◆ Task requirements
Reproduce every entry below precisely; do not include the pictures.

--- Material to process ---

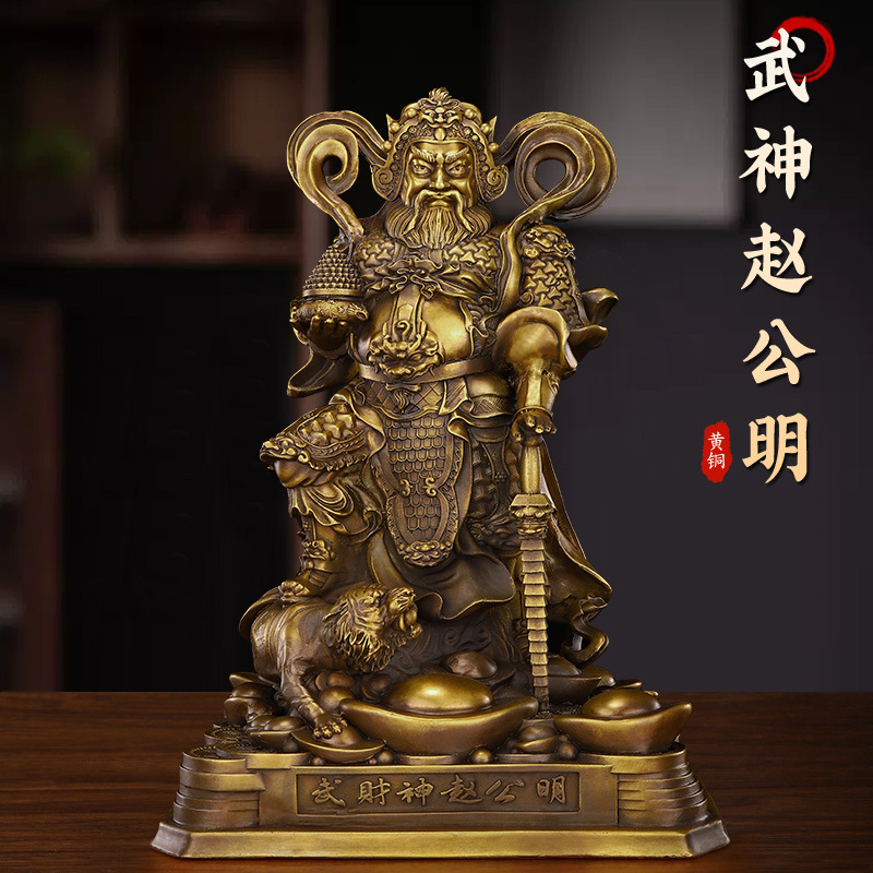 純粋な黄銅の武財神趙公明の家庭用は神像の店の事務室のデスクトップの置物のメーカーの卸売りに供えます。
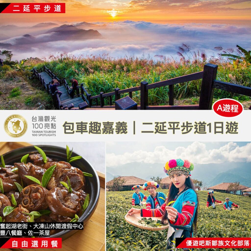 除集點活動,文觀局還提供90車次包車服務,2人或4人即可成行,最高可享有折抵2,000元的專屬優惠價,共有6款專屬遊程可以預約選擇,包含二延平步道、太平雲梯、故宮南院、逐鹿文創園區、奮起湖及其步道群等遊程。6月1日中午12時開放線上預約(登記連結:豐八國際租賃有限公司粉絲專頁 https://reurl.cc/zqkVda ),額滿為止。包車優惠活動資訊可洽詢陳小姐(0923-729-310)或吳先生(0985-996-890)
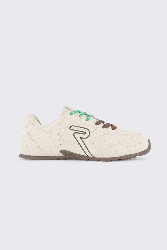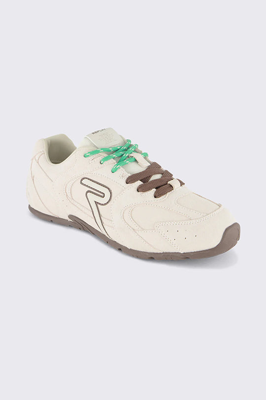 סניקרס לנשים בגוון אוף־וויט עם לוגו R בולט בצד, שילוב שרוכים דו־גוניים וסוליית גומי גמישה לנוחות יומיומית.
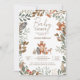 An adorable and cute hand painted watercolor country rustic greenery forest animals woodland baby shower featuring cute bear, deer, racoon, rabbit, hedgehog and a fox in neutral woodlands colour, in orange, green, brown colours. with greenery leaves and tree branches. Perfect gender neutral baby shower invitation for all seasons!
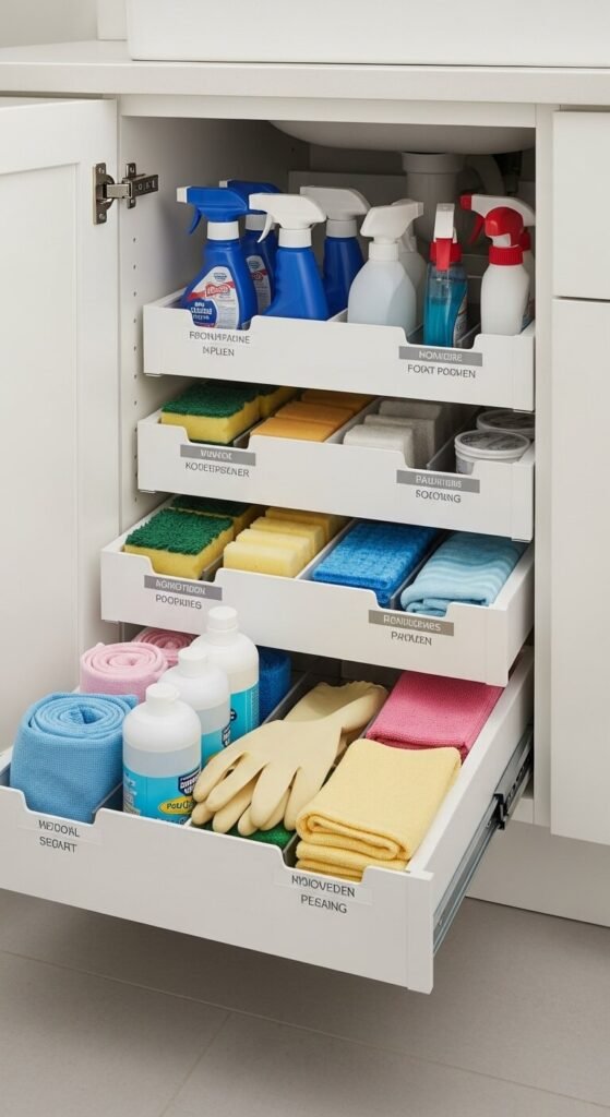 The cabinet under your sink deserves a system. Label bins for each type of cleaning supply — “Bathroom,” “Kitchen,” “Glass,” “Floor,” “Extras.” This way, whoever is cleaning grabs the right product without hesitation. Tuck refill items in a labeled back section. Print a small label for your spray bottles too — especially helpful if you make your own DIY cleaners. This project takes about 20 minutes and makes your cleaning routine faster. Label clearly, stock smartly, and maintain it easily.
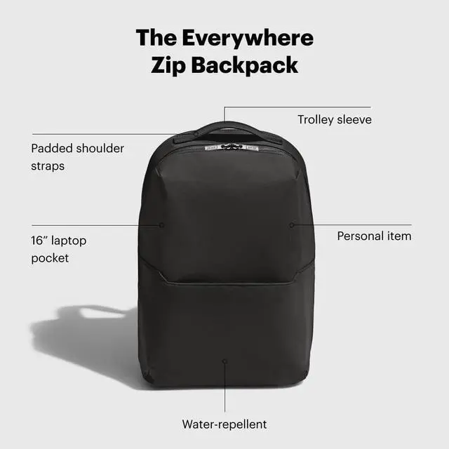 Away Everywhere Zip Backpack, Travel Backpack with Laptop Sleeve, Lightweight & Durable, Travel Essentials, Jet Black
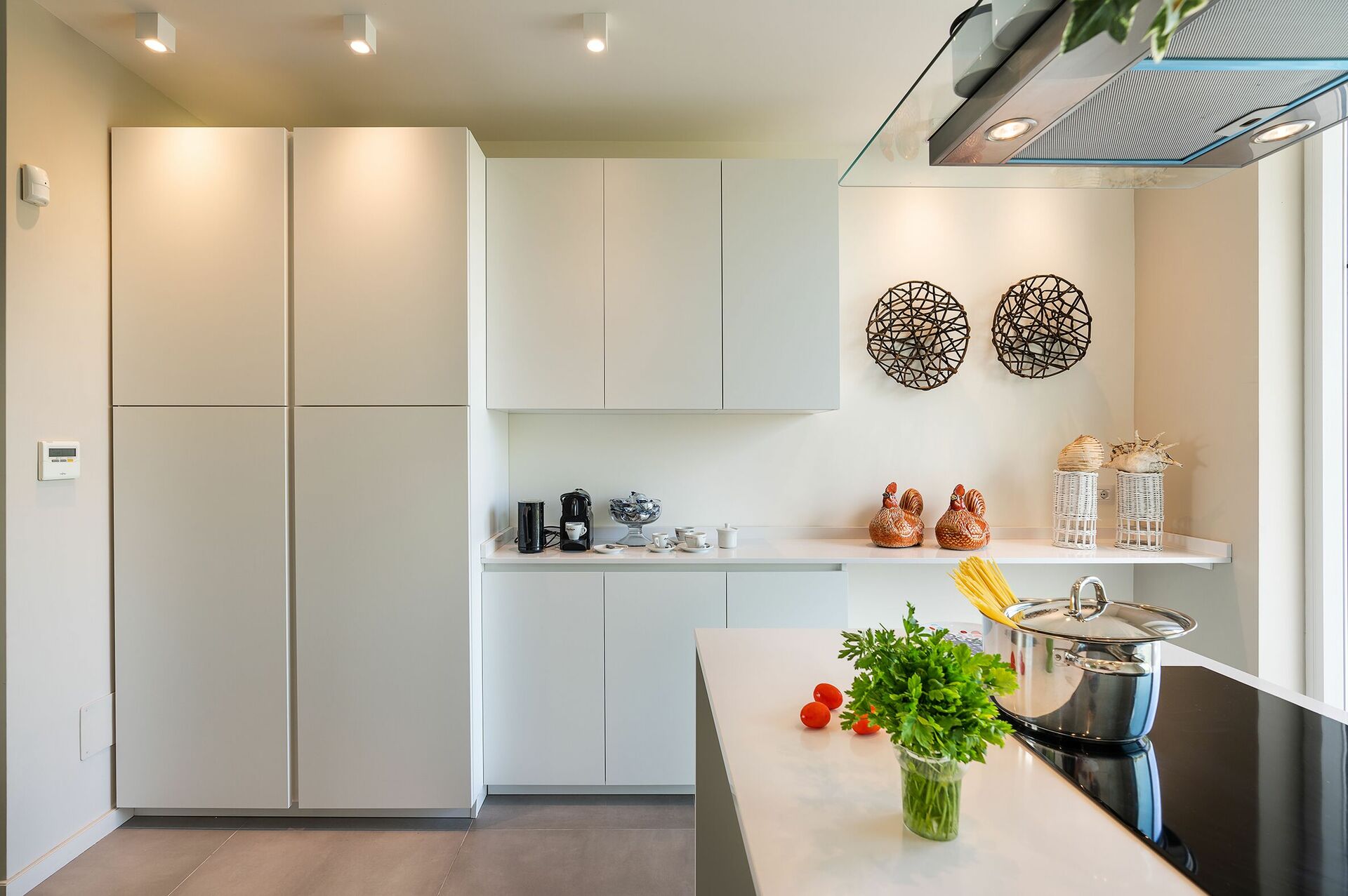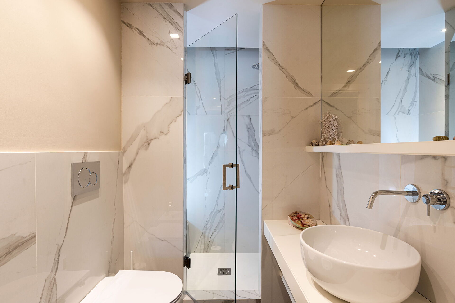 Entré; stort vardagsrum med matplats; kök; tvättstuga; 2 dubbelrum, alla med king size -säng och eget badrum med dusch; 2 dubbelrum, alla med eget badrum med dusch; 1 sovrum med liten dubbelsäng och badrum med dusch.

---

◆ Exercise output
 純粋な黄銅の武財神趙公明の家庭用は神像の店の事務室のデスクトップの置物のメーカーの卸売りに供えます。
 除集點活動,文觀局還提供90車次包車服務,2人或4人即可成行,最高可享有折抵2,000元的專屬優惠價,共有6款專屬遊程可以預約選擇,包含二延平步道、太平雲梯、故宮南院、逐鹿文創園區、奮起湖及其步道群等遊程。6月1日中午12時開放線上預約(登記連結:豐八國際租賃有限公司粉絲專頁 https://reurl.cc/zqkVda ),額滿為止。包車優惠活動資訊可洽詢陳小姐(0923-729-310)或吳先生(0985-996-890)
 סניקרס לנשים בגוון אוף־וויט עם לוגו R בולט בצד, שילוב שרוכים דו־גוניים וסוליית גומי גמישה לנוחות יומיומית.
 An adorable and cute hand painted watercolor country rustic greenery forest animals woodland baby shower featuring cute bear, deer, racoon, rabbit, hedgehog and a fox in neutral woodlands colour, in orange, green, brown colours. with greenery leaves and tree branches. Perfect gender neutral baby shower invitation for all seasons!
 The cabinet under your sink deserves a system. Label bins for each type of cleaning supply — “Bathroom,” “Kitchen,” “Glass,” “Floor,” “Extras.” This way, whoever is cleaning grabs the right product without hesitation. Tuck refill items in a labeled back section. Print a small label for your spray bottles too — especially helpful if you make your own DIY cleaners. This project takes about 20 minutes and makes your cleaning routine faster. Label clearly, stock smartly, and maintain it easily.
 Away Everywhere Zip Backpack, Travel Backpack with Laptop Sleeve, Lightweight & Durable, Travel Essentials, Jet Black
 Entré; stort vardagsrum med matplats; kök; tvättstuga; 2 dubbelrum, alla med king size -säng och eget badrum med dusch; 2 dubbelrum, alla med eget badrum med dusch; 1 sovrum med liten dubbelsäng och badrum med dusch.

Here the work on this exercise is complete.